Yulia Tsibulskaya (; Moldovan Cyrillic: Юлия Цибулски; born June 15, 1933, Leova) is a Moldovan-Russian composer. She is known in Russian as Юлия Георгиевна Цибульская and in Polish as Julia Cybulska.

Biography 
Yulia Tsibulskaya was born in Leova, Bessarabia.  She graduated from the Chișinău musical school (1954), the faculty of the theory and composition of the N. A. Rimsky-Korsakov Leningrad Conservatory (1960). She studied folklore themes in the works of Karol Szymanowski and Frédéric Chopin.

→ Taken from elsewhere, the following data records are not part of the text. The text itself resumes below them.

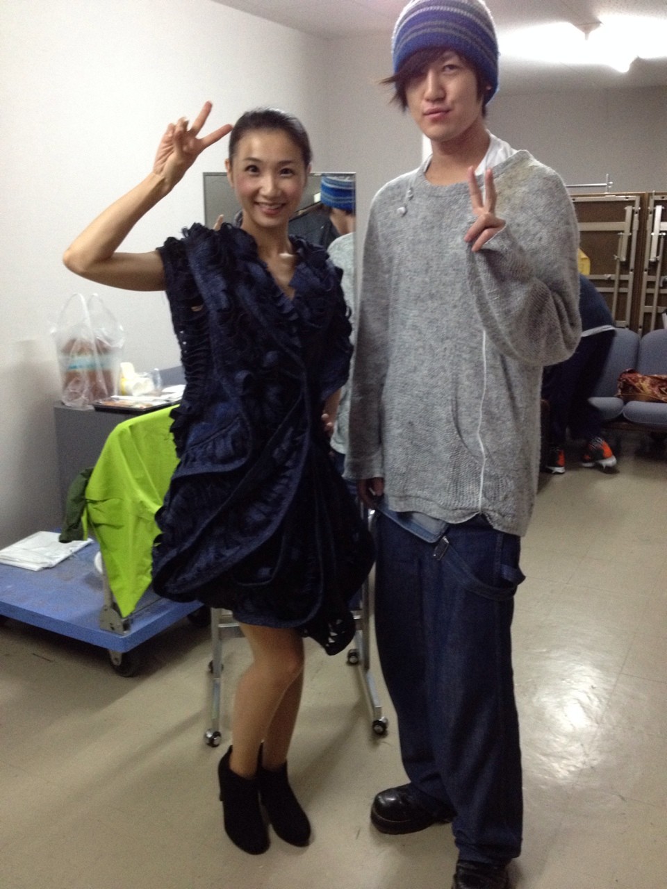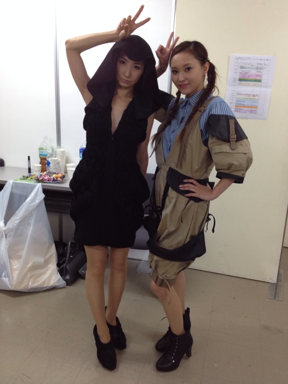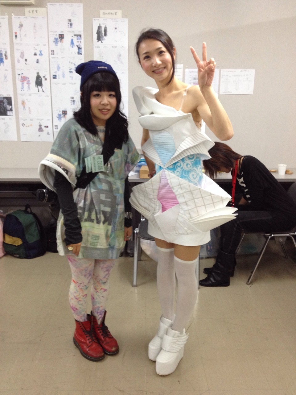 私とSAKRAちゃんは、にこにこピースなんかしちゃってるけど、私の衣装はデザイナーさんが必死に着せてくれつつ、ヘアは三宅さんが整え中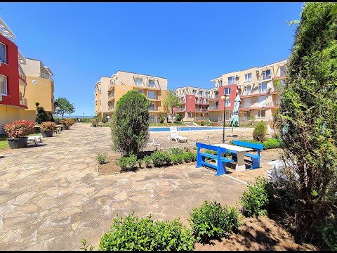 Compact studio with furniture and equipment and nice, spacious views of the mountain and the fields in gated complex Sunny Day 5, located at the outskirts of the popular sea resort Sunny Beach (2 km), near the village of Tynkovo, 200 m from a bus stop and 4 km from the beach, 10 minutes walk from a food store and 10 minutes by car to water park and modern shopping center, 6 km from the ancient town-museum Nessebar and 35 km from Sarafovo airport. The annual maintenance fee for the complex is 510 euros.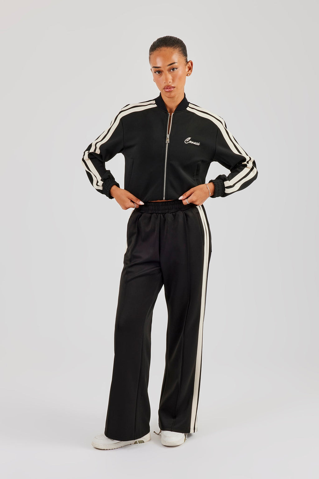 Black zip front bomber with taping detail, in a mid weight poly with Cernucci branded embroidery.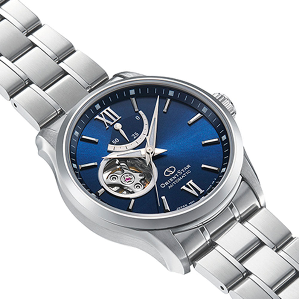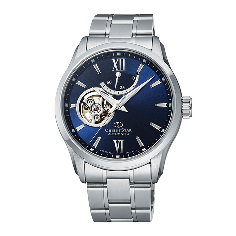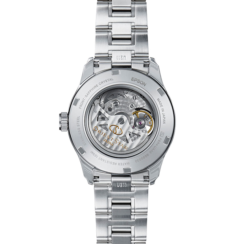 Our premier ORIENT STAR line features this striking 39mm stainless steel mechanical watch, alluring hands with luminous accents and a classic hand-wound crown with automatic self-winding functionality.

The teachers of the conservatory who determined Yulia Tsibulskaya’s further creative way were V. N. Salmanov (orchestration, composition), Alla Petrovna Maslakovets (Maria Yudina’s disciple, piano), Theodosius Antonovich Rubtsov (folklore), Alexander Naumovich Dolzhanskiy (polyphony).

From 1960 till 1974, Yulia Tsibulskaya was a teacher at the Chișinău  conservatory (the G. Musicescu College of Arts), from 1974 till 1977 — a scientific collaborator at the department of ethnography and art studies, attached to the Academy of Sciences of the Moldavian SSR. From 1977 till 1988, she was a musical editor in the “Literatura artistică” publishing house.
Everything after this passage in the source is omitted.